Let $\mathfrak{g}$ be a Lie Algebra over $k$, $\mathfrak{n}$ its radical. Why is $[\mathfrak{n},\mathfrak{g}]$ the smallest of its ideals $\mathfrak{a}$ such that $\mathfrak{g}/\mathfrak{a}$ is reductive?
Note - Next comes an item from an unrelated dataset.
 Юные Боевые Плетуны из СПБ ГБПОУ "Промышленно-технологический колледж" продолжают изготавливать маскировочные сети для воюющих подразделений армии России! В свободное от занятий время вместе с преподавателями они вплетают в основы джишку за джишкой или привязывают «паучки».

Let $\mathfrak{a}$ be an ideal such that $\mathfrak{g}/\mathfrak{a}$ is reductive. Then $\mathfrak{n}/\mathfrak{a} \subset \mathfrak{g}/\mathfrak{a}$ is a solvable ideal, and hence must be contained in the center of $\mathfrak{g}/\mathfrak{a}$ since it is reductive. So $[\mathfrak{n},\mathfrak{g}]/\mathfrak{a}=[\mathfrak{n}/\mathfrak{a},\mathfrak{g}/\mathfrak{a}]=0$ and we see that $[\mathfrak{n},\mathfrak{g}]\subset\mathfrak{a}$ as desired.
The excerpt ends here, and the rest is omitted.